# Bacon wrapped back strap sv



## hillbillyrkstr (Jan 18, 2018)

Well I had a few backstraps left from last years buck so it was time to finish them off. 

I’ve had great success using the sous vide with venison from older age deer. Comes out real tender if you do it long enough. I decided to wrap these straps in bacon to add some fat/flavor. 

So I rubbed them down, wrapped them in bacon, sealed them up and into the bath for about 4 hours. Then into a skillet with butter to brown! 

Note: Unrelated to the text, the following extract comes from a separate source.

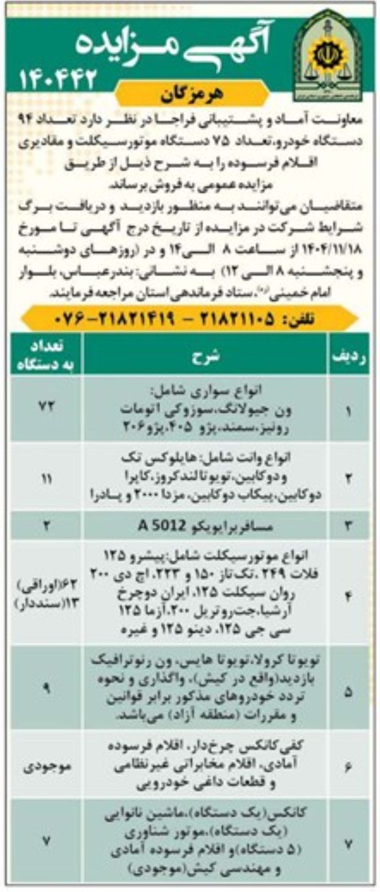 مزایده های فراجا بصورت پاکتی برگزار میشود، ضمانت نامه بانکی به عنوان ودیعه لازم دارد، قیمت پایه ندارد، خودروهای وارداتی هزینه های قانونی مختلف دارند، سلام ارادتبصورت موقت مارا در شبکه های اجتماعی داخلی👇روبیکامرکز و مرجع رایگان اطلاع رسانی مزایده های خودروکارشناسی، مشاوره، همراهیhttps://rubika.ir/mozaedelandبله👇«مزایده لند(مزایده خودرو)»مزایده لند سالهاست رایگان مزایده خودرو منتشر میکند. درآمد ما از کارشناسی،مشاوره و همراهی کسب میشود.🆔 شناسه:https://ble.ir/mozaedelandو البته سایت ما به آدرس 👇www.mozaedeland.irدنبال کنید🙏😔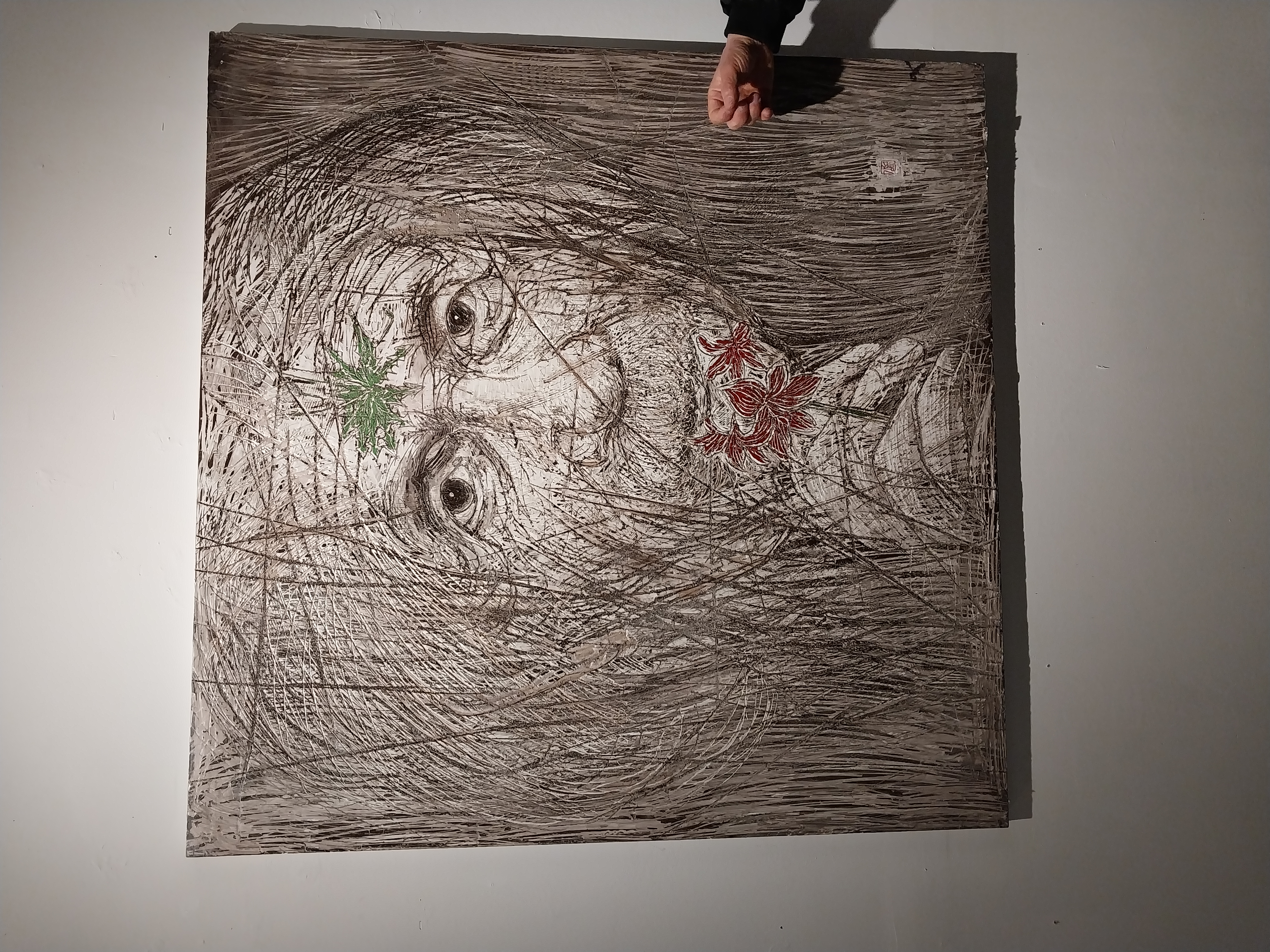 이 작품도 스카프 등으로 상품화된 일종의 도안같은 작품이랬다. 하단부는 자개로 표현했다.

They came out great! Real tender and cooked to perfection. I wasn’t sure how the bacon would be since I was using the sous vide but it came out good.


----------



## SmokinAl (Jan 18, 2018)

They look delicious!
The bacon even looks crispy!
Al


----------



## hillbillyrkstr (Jan 18, 2018)

Thanks al. 

The bacon was crispy on the outside and kinda translucent on the inner side much like it ends up on a fattie. 

Over all I’m happy with it. And Hooper The Wonder Dog was happy with it to. No complaints from her!


----------



## crazymoon (Jan 21, 2018)

HBR, Nice buck and great looking backstrap!


----------



## Rings Я Us (Jan 22, 2018)

Incredible color on the meat there. Dam nice! 
There's a point ! :)


----------